What I Did for Winter Vacation on the Isle of Cyclops

Look at the size of that thing


Jarvis,

Holy Damn its cold! We took our time getting to the Isle of Cyclops and that was perhaps the biggest mistake as we were getting there during the holiday of Set… (hint hint guys) and it was colder than all nine hells (or is that just a figure of speech?). When we got to this icicle of a ‘wonderland’ it comes as a no wonder that we were eager to get out of there as soon as we arrived. My poor bits are all frozen including the ones called nipples.

We attempted our usual ruse of a lord (thank you Xerx’ses) and his brood of dogs, slave servants and man-dog (the Whipping boy) witch worked apparently and I have the bruises to prove it. As for who we talked to get all the information I cant say I was busy keeping my ass from being beaten. While we were attempting to get lodgings Asher took off after a human man child that was more slippery than a greased rat. Turns out that ReSet had eyes on the island and had found us quickly with almost anticipation (cheating on the contract perhaps?). He made a quick discovery of their plans but not without almost getting caught. Caused a rock slide er.. shower(?) and got away to get up with us while we were on ‘tour’. Lost a valuable item and I am sure that I will not be discovered until spring. The snow was really heavy and covered his invisible tracks.

Meanwhile when we found a guide (piece of… a real character that guy was) called Pit (because he was such a ‘peach’ or the worst part of one) who took us everywhere but where we wanted to go witch was to the place where ‘O’ was located. Luck us we had the Finger (pull my finger; haha, sorry had to go there) and find the place on our own.

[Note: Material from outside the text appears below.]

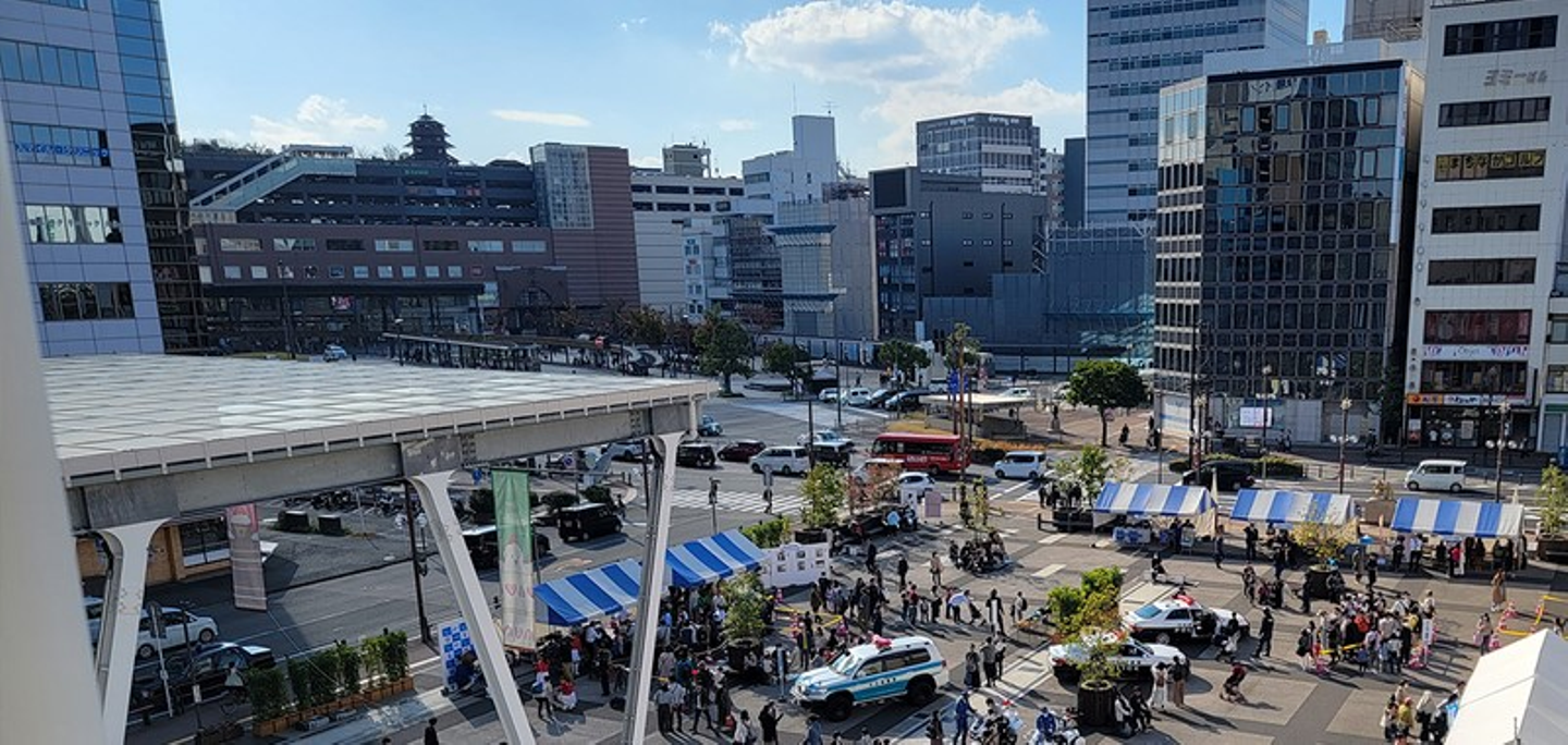 事務所ビルのすぐ横にはイベントステージ常設の「祝祭の広場」があり、週末は毎週のように様々なイベントが開催され賑わっています。

Finally we had the guys in our sights, well at least the building, so we plotted how we were going to get the net item of ‘O‘ and we were certain that there was wards, magic circles and such so we kept our distance. Well not far enough because before we activated our ‘flawless plan’ we got to close to the building and possibly its neighbor. With a loud alarm we realized that we had only seconds to get the work done.

Even with all the prep work that we did, we were not fast enough (maybe ten seconds shy) because when we destroyed the building and covered us all in dust and snow (we looked like snowman chimney sweeps when the dust settled) all of the members of the hive of scum and villainy were long gone. Their alarm was more then enough to help them and give them insight to escape.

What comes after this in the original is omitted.